In language arts we are learning about gross poems, and for those of you that dont know what it is, a gross poem is a gross poem. We had a contest of who could write the grossest poem, and what better to do than frozen thawed pinkies on feeding day? Here it is.

Frozen pinkies stuck together 
Break apart like rusty leather
Pinkies in a microwave 
Exploding like a tidal wave
Missing a pinkie from the bag
Stepping on it makes you gag
Rat guts smeared across the wall
Make me want to hurl breakfast, lunch, and all
As the snake creeps along
It strikes, leaving feet on tongs
Something squishy's in your cheek
Pulling out a pink foot makes you shriek
 :projectile:

----------


## snakedude56

I think it's safe to say, I've never read anything quite so disgusting in my life. lol

----------


## BPGirl

Thanks.  :Very Happy:  


That was the assignment

----------


## Vomitore

> Thanks.  
> 
> 
> That was the assignment


I could make it worse  :Wink:  ... But then I'd be banned from the site  :Very Happy:  Good job though.

----------


## Reediculous

Oh man would i get an A on that assignment if i was in that class...........i have a pretty gross mind    :eek:

----------


## daaangconcepts

Sooo did you win??

----------


## BPGirl

> Sooo did you win??


 
actually I didnt, but I didnt want the prize anyways (it was a can of spam). The winner wrote about some fat guys butt scabs that flew all over the place and his dog ate it. It was REALLY gross.

----------


## joyful girl

> actually I didnt, but I didnt want the prize anyways (it was a can of spam). The winner wrote about some fat guys butt scabs that flew all over the place and his dog ate it.
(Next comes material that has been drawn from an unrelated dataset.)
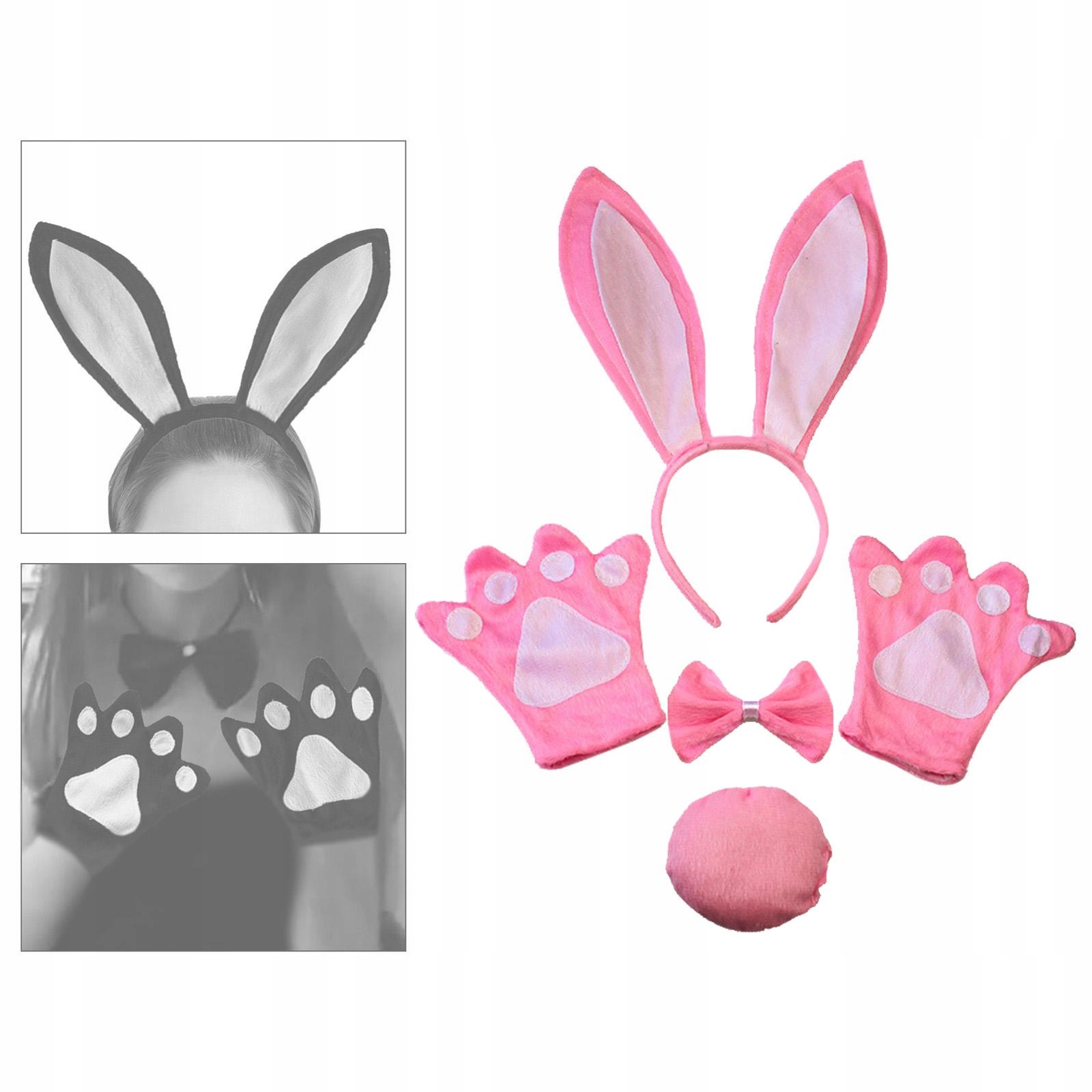 Комплект костюма кролика из 4 предметов, повязка на голову с милыми кроличьими ушками, повязка на голову для детей, взрослых, розовая

It was REALLY gross.


 sick...

----------


## JLC

LOL....what a weird assignment.  We never got anything quite so fun back in my day.  


I moved this to Creative Corner....it may be gross, but it's also definitely creative!

----------


## Deliciously Evil

That's a cool assignment - something kids can really get into.  

Great job!  It has a nice rhythm to it.

----------